▶ **Task directions**:
Everything in the listing should be set down exactly, apart from the pictures.

▶ **Exercise data**:
-------
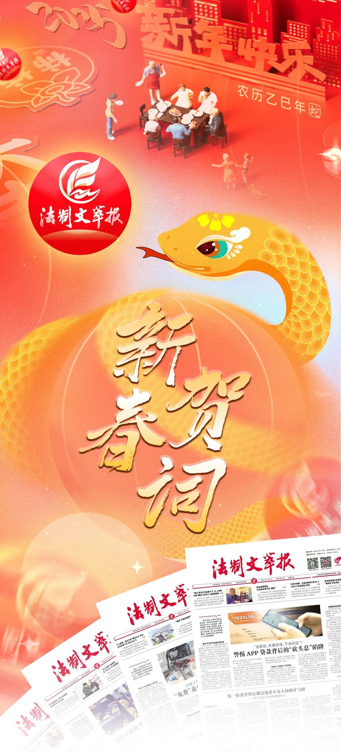 值此蛇年新春之際,法制文萃報(bào)感謝各位讀者朋友過(guò)去一年來(lái)對(duì)我們工作的信任和支持,也給各位讀者朋友及家人送去蛇年最美好的祝福。祝靈蛇獻(xiàn)瑞,祥蛇獻(xiàn)福,蛇舞翩躚,蛇躋新程!
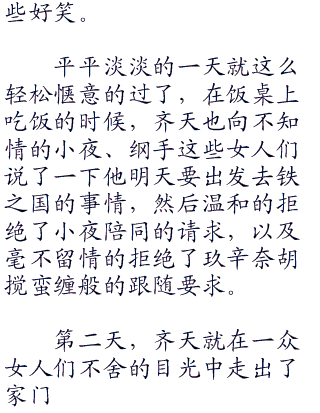 在木叶,齐天所住的这个地方,已然成为了村民们心中最神秘的地方。村民们不知道这个地方到底住着谁,以至于三代火影曾经强制性的下令将这附近的居民全部迁移走了。而且,若是有一些心怀不轨或是胆大包天的人想要一探究竟的话,只要他们走到靠近这个地方一百米的时候,他们心中那神秘的地方就会从眼前消失。所以,多年以来,木叶的居民们也就没有了一探究竟的想法,一直以来安安分分,就算是要路过这个地方,也会绕着道走。
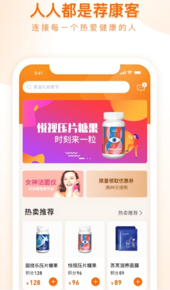 1.覆盖海量健康商品,超值推荐,用户可以自行选择购买
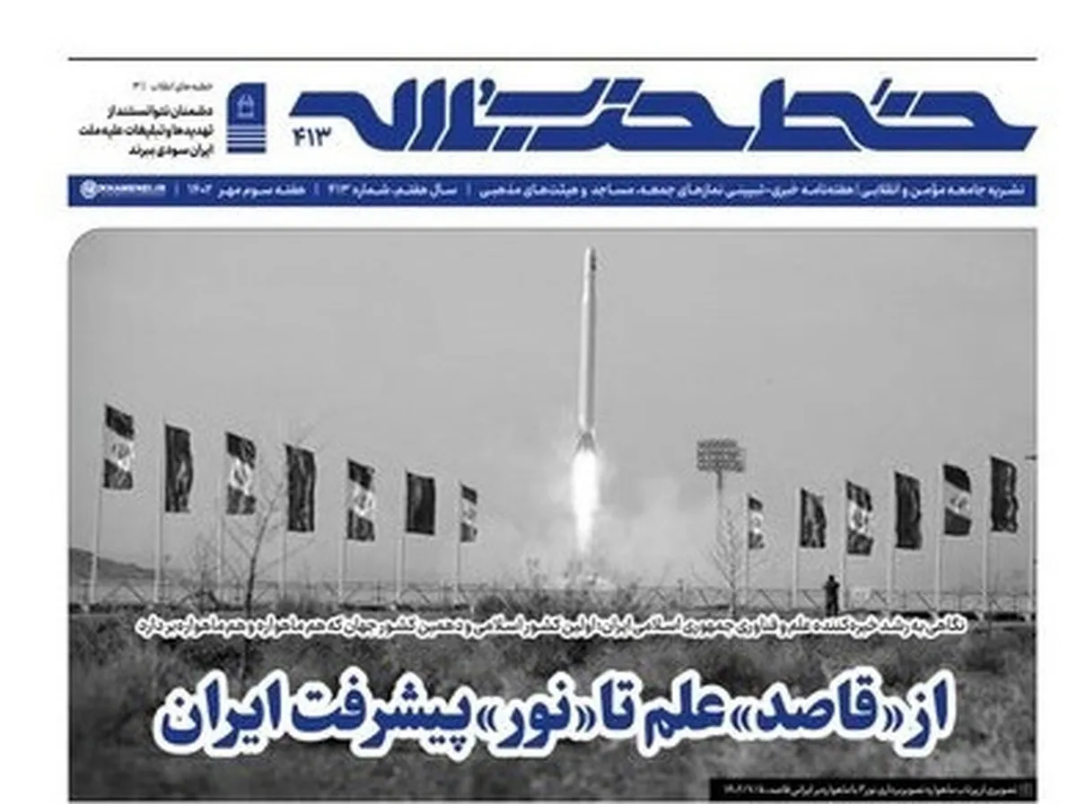 چهارصد و سیزدهمین شماره هفته‌نامه‌ خط‌حزب‌الله، با عنوان «از «قاصد»‌ علم تا «نور»‌ پیشرفت‌ ایران»‌ منتشر شد.
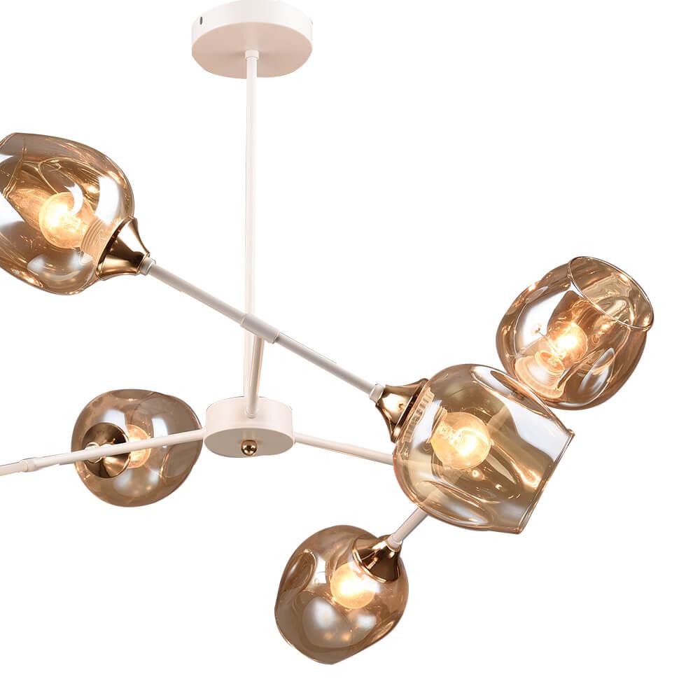 Потолочная люстра Wedo Light Sinio 66386.01.10.06 от Российского бренда Wedo Light из коллекции Sinio будет удачно смотреться в гостиной в стиле модерн. Светильник выполнен из стекла с плафонами в форме бокала янтарного цвета.
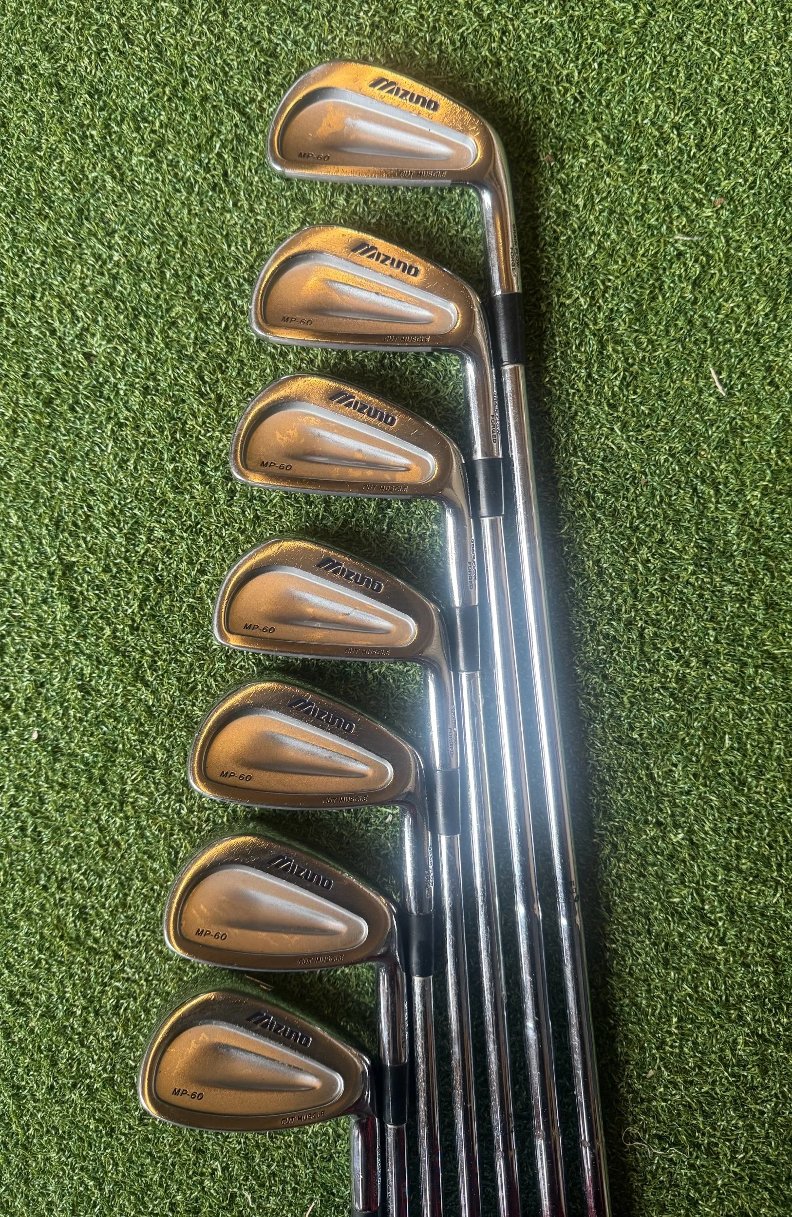 Very clean Mizuno MP 60 4-PW set. Faces have been sand-blasted. Clubs are buffed &Polished, Shafts- Dynamic Gold S300 shafts offer a good balance of distance and control. Loft and Lie- have been adjusted to factory defaults, ensuring that the clubs are set up to provide optimal performance. Swing weights have been set to between D2-D3 which offers good balance. Length- standard length. Lamkin golf grips.
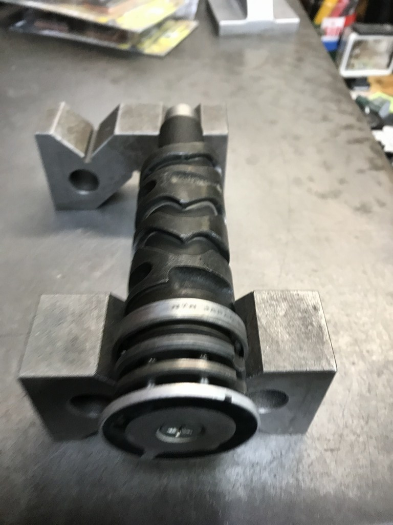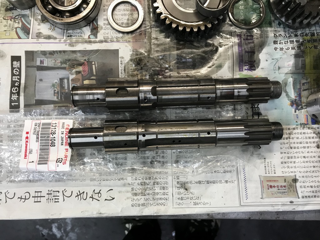 シャフトは少し摩耗しており、スプラインも消耗があるので、アウトプットシャフトも下側の新品に交換することにします。
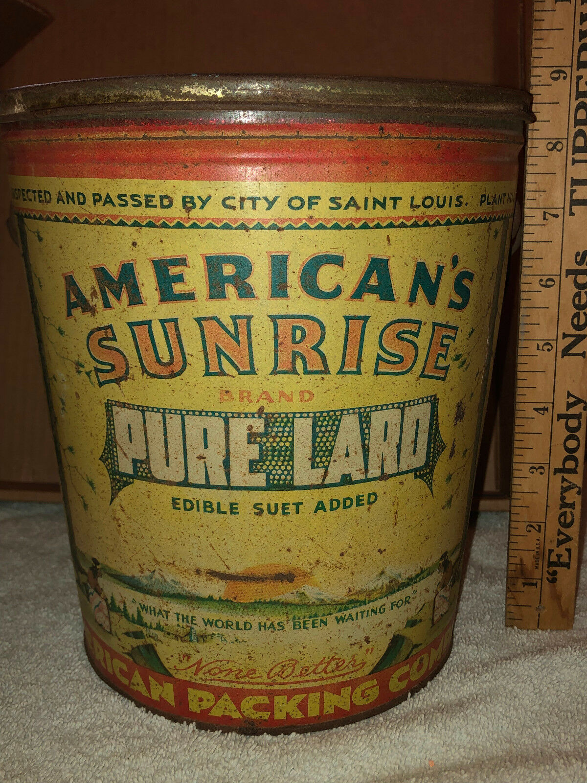 Title (ebay affiliate link): Vintage AMERICAN''S SUNRISE PURE LARD TIN 8 Pounds Net Weight Tin Can
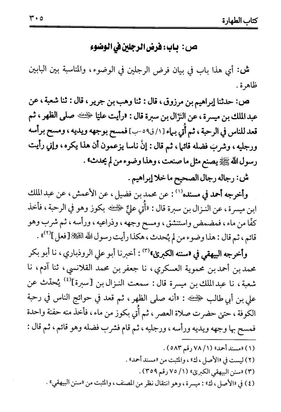 ص: حدثنا إبراهيم بن مرزوق، قال: ثنا وهب بن جرير، قال: ثنا شعبة، عن عبد الملك بن ميسرة، عن النَزّال بن سبرة قال: "رأيت عليّا - رضي الله عنه - صلى الظهر، ثم قعد للناس في الرحبة، ثم أُتي بماء فمسح بوجهه ويديه، ومسح برأسه ورجليه، وشربَ فضله قائمًا، ثم قال: إنَّ ناسا يزعمون أن هذا يكره، وإني رأيت رسول الله - صلى الله عليه وسلم - يصنع مثل ما صنعت، وهذا وضوء من لم يحدث".
-------
▶ **Response to the task**:
 值此蛇年新春之際,法制文萃報(bào)感謝各位讀者朋友過(guò)去一年來(lái)對(duì)我們工作的信任和支持,也給各位讀者朋友及家人送去蛇年最美好的祝福。祝靈蛇獻(xiàn)瑞,祥蛇獻(xiàn)福,蛇舞翩躚,蛇躋新程!
 在木叶,齐天所住的这个地方,已然成为了村民们心中最神秘的地方。村民们不知道这个地方到底住着谁,以至于三代火影曾经强制性的下令将这附近的居民全部迁移走了。而且,若是有一些心怀不轨或是胆大包天的人想要一探究竟的话,只要他们走到靠近这个地方一百米的时候,他们心中那神秘的地方就会从眼前消失。所以,多年以来,木叶的居民们也就没有了一探究竟的想法,一直以来安安分分,就算是要路过这个地方,也会绕着道走。
 1.覆盖海量健康商品,超值推荐,用户可以自行选择购买
 چهارصد و سیزدهمین شماره هفته‌نامه‌ خط‌حزب‌الله، با عنوان «از «قاصد»‌ علم تا «نور»‌ پیشرفت‌ ایران»‌ منتشر شد.
 Потолочная люстра Wedo Light Sinio 66386.01.10.06 от Российского бренда Wedo Light из коллекции Sinio будет удачно смотреться в гостиной в стиле модерн. Светильник выполнен из стекла с плафонами в форме бокала янтарного цвета.
 Very clean Mizuno MP 60 4-PW set. Faces have been sand-blasted. Clubs are buffed &Polished, Shafts- Dynamic Gold S300 shafts offer a good balance of distance and control. Loft and Lie- have been adjusted to factory defaults, ensuring that the clubs are set up to provide optimal performance. Swing weights have been set to between D2-D3 which offers good balance. Length- standard length. Lamkin golf grips.
 シャフトは少し摩耗しており、スプラインも消耗があるので、アウトプットシャフトも下側の新品に交換することにします。
 Title (ebay affiliate link): Vintage AMERICAN''S SUNRISE PURE LARD TIN 8 Pounds Net Weight Tin Can
 ص: حدثنا إبراهيم بن مرزوق، قال: ثنا وهب بن جرير، قال: ثنا شعبة، عن عبد الملك بن ميسرة، عن النَزّال بن سبرة قال: "رأيت عليّا - رضي الله عنه - صلى الظهر، ثم قعد للناس في الرحبة، ثم أُتي بماء فمسح بوجهه ويديه، ومسح برأسه ورجليه، وشربَ فضله قائمًا، ثم قال: إنَّ ناسا يزعمون أن هذا يكره، وإني رأيت رسول الله - صلى الله عليه وسلم - يصنع مثل ما صنعت، وهذا وضوء من لم يحدث".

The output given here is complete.